How can I get the specific item with same Class name and attributes?
I need to get these 3 items
April 14, 2013
580
Fort Pierce, FL
<dl class="pairsJustified">
<dt>Joined:</dt>
<dd>Apr 14, 2013</dd>
</dl>
<dl class="pairsJustified">
<dt>Messages:</dt>
<dd><a href="search/member?user_id=13302" class="concealed"
rel="nofollow">580</a></dd>
</dl>
<dl class="pairsJustified">
<dt>Location:</dt>
<dd>
<a href="misc/location-info?location=Fort+Pierce%2C+FL" target="_blank"
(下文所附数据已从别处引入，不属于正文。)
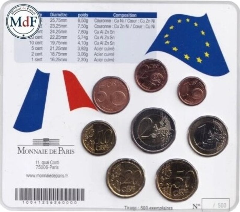 Série Euros officiels de la Monnaie de Paris sous blister minisets à tirage limité comprenant les 8 pièces France 1 centime à 2 euros millésimées à tirage limité en qualité BU - Brillant universel : monnaie neuve frappée en série limitée avec des flans neufs et qui a gardé son brillant d'origine. C'est le niveau intermédiaire entre la belle épreuve et la monnaie de circulation.
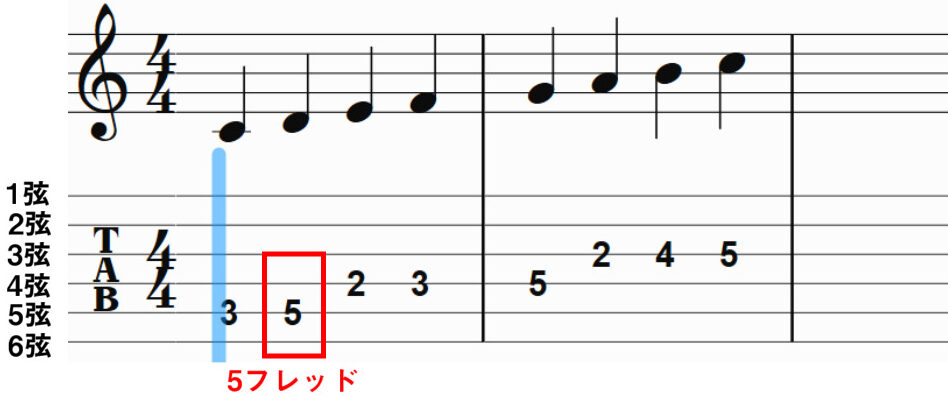 この赤枠で囲っている部分は下から2本目の線ですので、3弦。数字が5なので5フレット目。
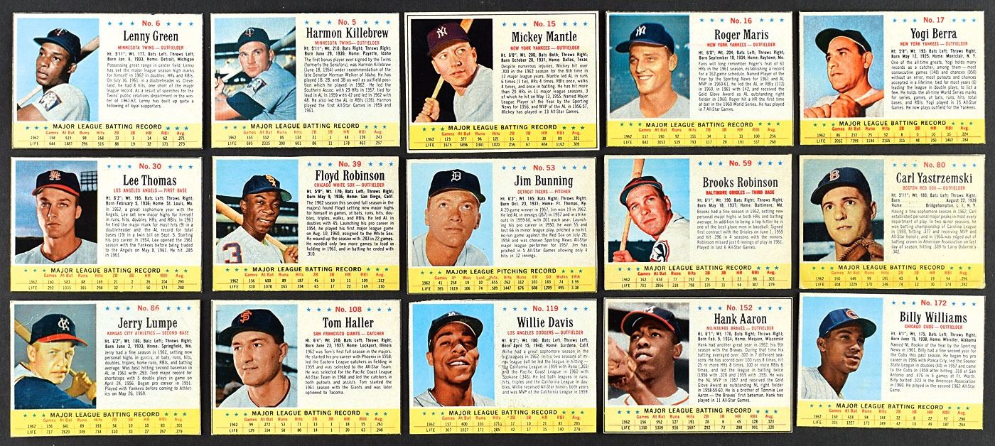 By far the most difficult Post cereal baseball set to complete, this set contains all the major stars of the day, with many tougher cards only produced on less popular brands of cereal, leading to very difficult 'short prints.' Includes: complete set of 200 cards w/ #6 Green (EX/MT), 15 Mantle (NM), 16 Maris (VG/EX), 17 Berra (EX/MT), 30 Lee Thomas (EX/MT), 39 Floyd Robinson (VG/EX), 53 Bunning (EX), 59 B. Robinson (VG/EX), 61 Adair (VG/EX), 80 Yastrzemski (GD), 86 Lumpe (VG), 87 Jimenez (VG/EX), 108 Haller (EX/MT), 119 W. Davis (VG), 128 Kasko (VG, cut short), 152 Aaron (EX/MT), 162 Flood (VG/EX), 166 Gibson (VG/EX), 172 B. Williams (EX/MT), 187 Aspromonte (VG) and 196 F. Thomas (EX). Grades VG/EX to EX/MT. Most cards are cut outside or on the line, with a small percentage in "the typical Post" fashion. Clean overall.
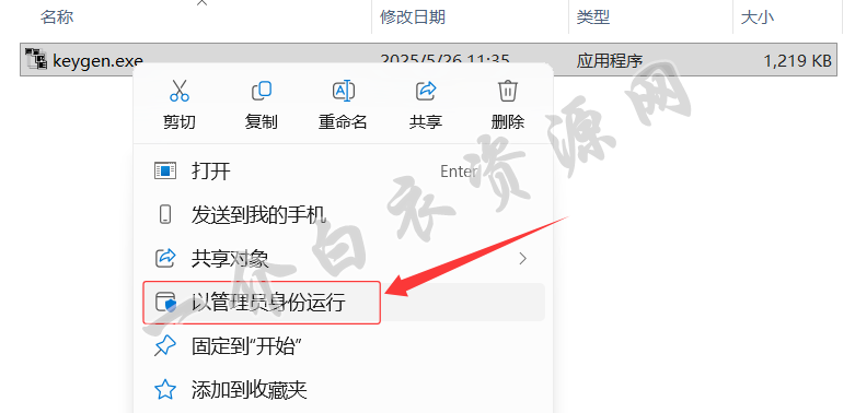 11.以管理员身份运行【keygen.exe】文件
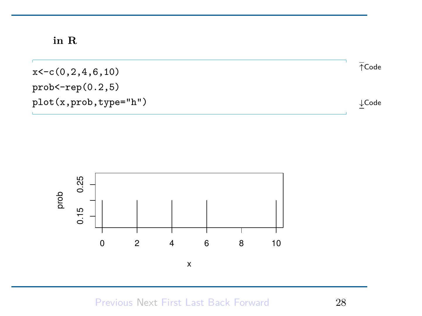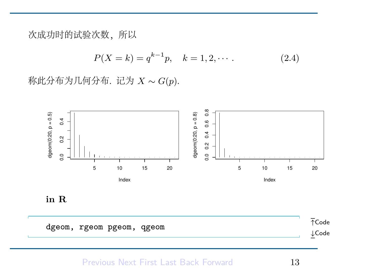 15 .次成功时的试验次数,所以 P (X = k) = q k−1 p, k = 1, 2, · · · . (2.4) 称此分布为几何分布. 记为 X ∼ G(p). 0.0 0.2 0.4 0.6 0.8 dgeom(0:20, p = 0.5) dgeom(0:20, p = 0.8) 0.4 0.2 0.0 5 10 15 20 5 10 15 20 Index Index in R ↑Code dgeom, rgeom pgeom, qgeom ↓Code Previous Next First Last Back Forward 13
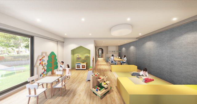 共用部には空の下でのびのび遊べる「キッズガーデン」、室内には多目的空間「コミュニティラウンジ」をご用意しており、いずれもボーネルンドが監修した共用施設を設置しています。
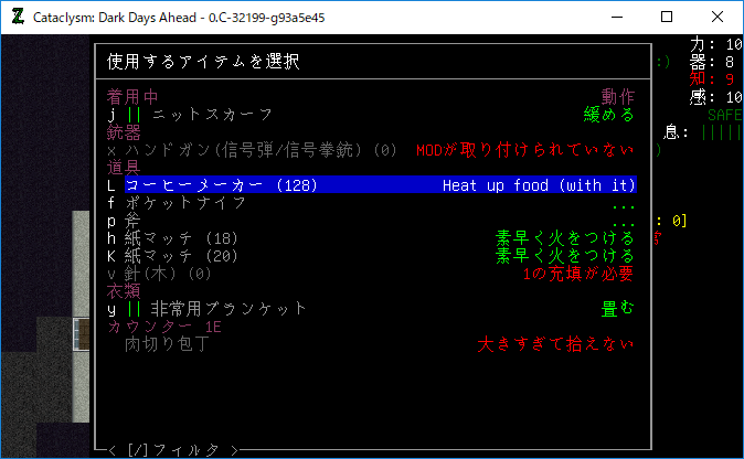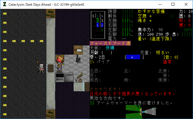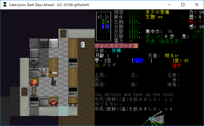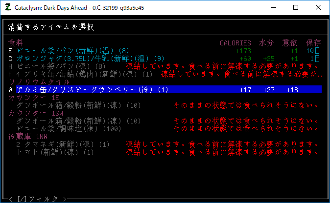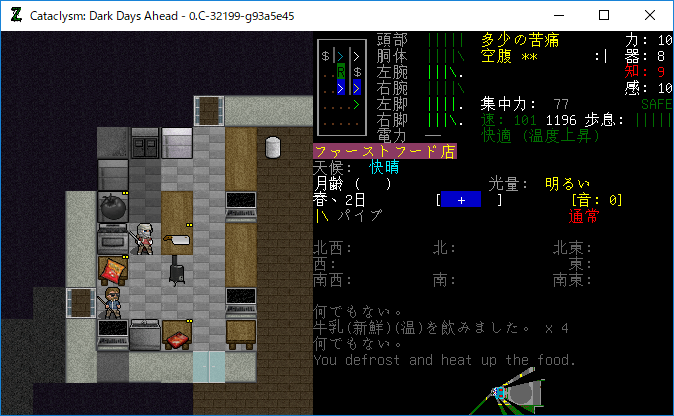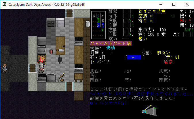 Cataclysmのプレイ日記を始めます。食料の解凍に成功しました。そろそろ日が暮れるかもしれません。安眠できるよう窓に板を打ち付ける方法を覚えたい。
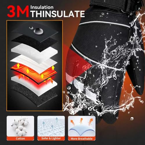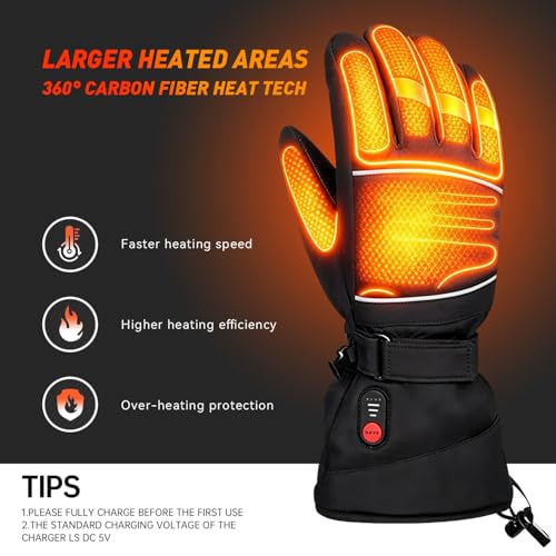?????Winter Activities Partner?heated ski gloves has reflective strips on the back, increasing safety during cycling. The palms are made of silicone anti-skid material, which is provides a stronger grip. Waterproof fabric, making them perfect for shoveling snow, skiing, fishing, dog walking. The adjustable buckle and drawstring allow the gloves to fit snugly on your hands, preventing wind from entering through the cuffs. Come with warm lining to resist the cold and lock in the temperature.

rel="nofollow noreferrer" itemprop="address" class="concealed">Fort
Pierce, FL</a>
答案 0 :(得分:1)
Using they lie under the <dd>
tag, using .find_all()
:
from bs4 import BeautifulSoup
test = '''<dl class="pairsJustified">
<dt>Joined:</dt>
<dd>Apr 14, 2013</dd>
</dl>
<dl class="pairsJustified">
<dt>Messages:</dt>
<dd><a href="search/member?user_id=13302" class="concealed"
rel="nofollow">580</a></dd>
</dl>
<dl class="pairsJustified">
<dt>Location:</dt>
<dd>
<a href="misc/location-info?location=Fort+Pierce%2C+FL" target="_blank"
rel="nofollow noreferrer" itemprop="address" class="concealed">Fort Pierce, FL</a>'''
soup = BeautifulSoup(test, 'html.parser')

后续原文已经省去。